_Your objective_: Make an exact copy of the records, omitting all images.
--- --- ---
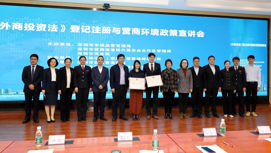 深圳市市场监督管理局副局长黄生文、前海管理局副局长田敏、深圳市商务局、华商林李黎(前海)联营律师事务所、深圳市前海香港商会、前海一带一路法律服务联合会、创兴银行深圳分行行长兰沙丽共同出席并见证了深圳首张《外商投资法》生效后营业执照的颁发
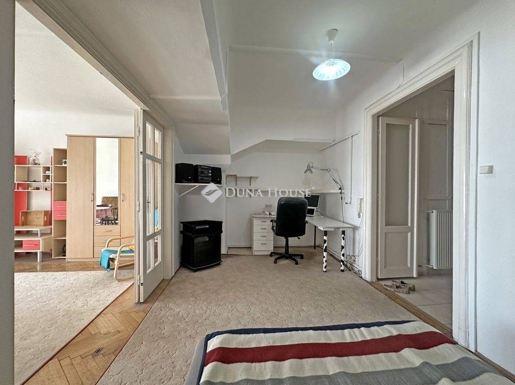 Lakást keresel Budapest belvárosában saját magad vagy irodád számára? Megvan amit keresel.A XIII. kerületben, a Krayer-házban eladó egy 63m2-es lakás. Az épületet a festék nagykereskedő Krayer-család építtette 1909-1910-ben. Tervezője Ágoston Emil neves bérház tervező. A mai napig jól karbantartott társasház legfőbb ékessége a magyaros-erdélyi szecessziós motívumokkal díszített tornyos rész.A félemeleti lakásban két szoba van, melyeket egy ajtóval lehet elszeparálni egymástól. A nagyobb szobát jelenleg nappaliként, a kisebbet pedig irodaként használja a tulaj. A szobákba egy folyosó visz a bejárati ajtótól, a folyosótól jobbra helyezkedik el a fürdőszoba, balra pedig a konyha. A lakás előtt egy 15m2-es, a két szomszéddal közösen használt terasz van. A lakhatás mellett megfelelő lehet irodának, rendelőnek is a hallos kialakítása miatt. Fűtése távfűtéssel megoldott. A nagy szoba ablaka a nyüzsgő Ferdinánd hídra néz, de a jó szigetelés miatt a lakásban ebből semmit sem hallunk. A lokációt tekintve az ingatlan környéke dinamikus és élettel teli. A belvárosi helyszín számos kultúrális és szabadidős lehetőséget rejt magában. A közelben éttermek, kávézók, üzletek. A Westend egy karnyújtásnyira található. A társasház aljánál egy Spar működik.A tömegközlekedés kiváló, közeli csomópontok egyik oldalról a Nyugati-pályaudvar (vasútvonal, 4-6-os villamos, buszok), másik oldalról pedig a Lehel tér (M3-as metróvonal, buszok).A lakást azonnal használatba lehet venni.Ára: 131.000.000ft
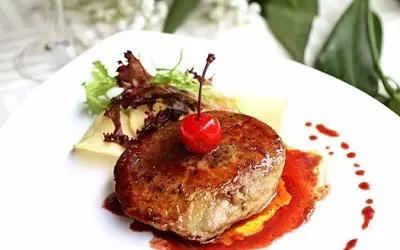 3、待鹅肝完全熟时,放在盘中,浇上法式红酒酱,用车厘子和小叶生菜、苦苣点缀,完成。
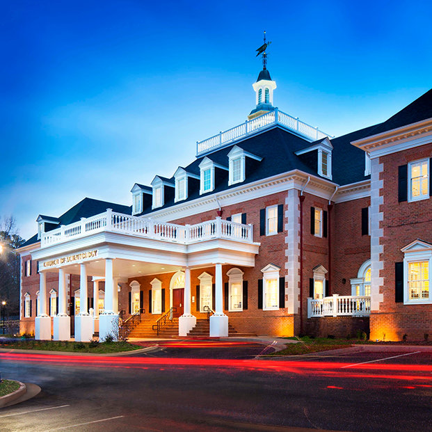 The new home of the Church is located in the Atlanta metropolitan area and the City of Sandy Springs, atop a rise overlooking the bustling Roswell Road. The 45,000-square-foot Williamsburg-style mansion speaks “Southern charm” and welcomes all from Atlanta and beyond.
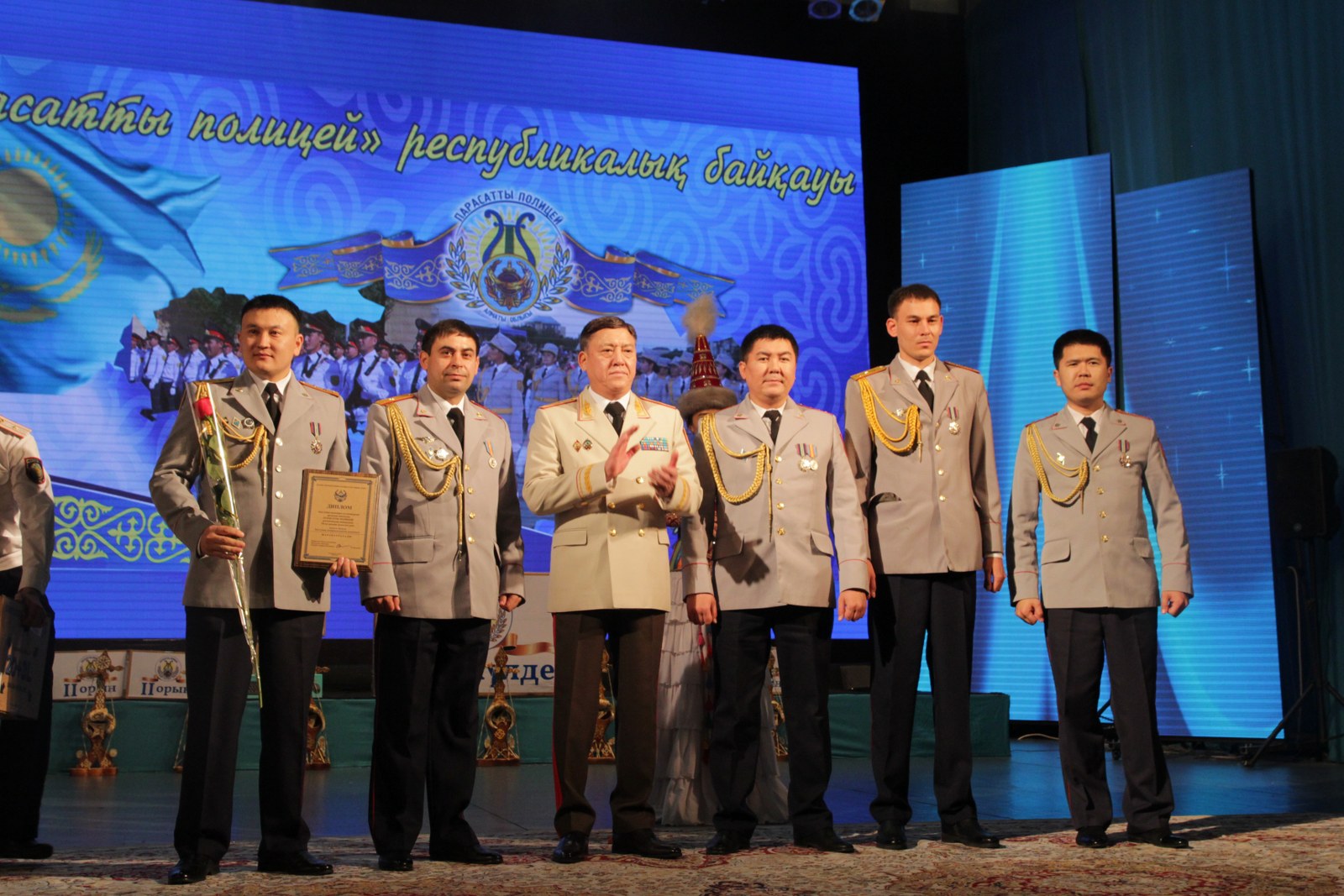Қазылар алқасының шешімі бойынша Ішкі істер органдары қызметкерлері арасында өткізілген "Парасатты полицей" республикалық байқауында «Ұйымшыл команда» номинациясына ие болған Ақтөбе облысы Ішкі істер департаментінің «Серт береміз!» командасы марапатталды.
--- --- ---
_Task output_:
 深圳市市场监督管理局副局长黄生文、前海管理局副局长田敏、深圳市商务局、华商林李黎(前海)联营律师事务所、深圳市前海香港商会、前海一带一路法律服务联合会、创兴银行深圳分行行长兰沙丽共同出席并见证了深圳首张《外商投资法》生效后营业执照的颁发
 Lakást keresel Budapest belvárosában saját magad vagy irodád számára? Megvan amit keresel.A XIII. kerületben, a Krayer-házban eladó egy 63m2-es lakás. Az épületet a festék nagykereskedő Krayer-család építtette 1909-1910-ben. Tervezője Ágoston Emil neves bérház tervező. A mai napig jól karbantartott társasház legfőbb ékessége a magyaros-erdélyi szecessziós motívumokkal díszített tornyos rész.A félemeleti lakásban két szoba van, melyeket egy ajtóval lehet elszeparálni egymástól. A nagyobb szobát jelenleg nappaliként, a kisebbet pedig irodaként használja a tulaj. A szobákba egy folyosó visz a bejárati ajtótól, a folyosótól jobbra helyezkedik el a fürdőszoba, balra pedig a konyha. A lakás előtt egy 15m2-es, a két szomszéddal közösen használt terasz van. A lakhatás mellett megfelelő lehet irodának, rendelőnek is a hallos kialakítása miatt. Fűtése távfűtéssel megoldott. A nagy szoba ablaka a nyüzsgő Ferdinánd hídra néz, de a jó szigetelés miatt a lakásban ebből semmit sem hallunk. A lokációt tekintve az ingatlan környéke dinamikus és élettel teli. A belvárosi helyszín számos kultúrális és szabadidős lehetőséget rejt magában. A közelben éttermek, kávézók, üzletek. A Westend egy karnyújtásnyira található. A társasház aljánál egy Spar működik.A tömegközlekedés kiváló, közeli csomópontok egyik oldalról a Nyugati-pályaudvar (vasútvonal, 4-6-os villamos, buszok), másik oldalról pedig a Lehel tér (M3-as metróvonal, buszok).A lakást azonnal használatba lehet venni.Ára: 131.000.000ft
 3、待鹅肝完全熟时,放在盘中,浇上法式红酒酱,用车厘子和小叶生菜、苦苣点缀,完成。
 The new home of the Church is located in the Atlanta metropolitan area and the City of Sandy Springs, atop a rise overlooking the bustling Roswell Road. The 45,000-square-foot Williamsburg-style mansion speaks “Southern charm” and welcomes all from Atlanta and beyond.
Қазылар алқасының шешімі бойынша Ішкі істер органдары қызметкерлері арасында өткізілген "Парасатты полицей" республикалық байқауында «Ұйымшыл команда» номинациясына ие болған Ақтөбе облысы Ішкі істер департаментінің «Серт береміз!» командасы марапатталды.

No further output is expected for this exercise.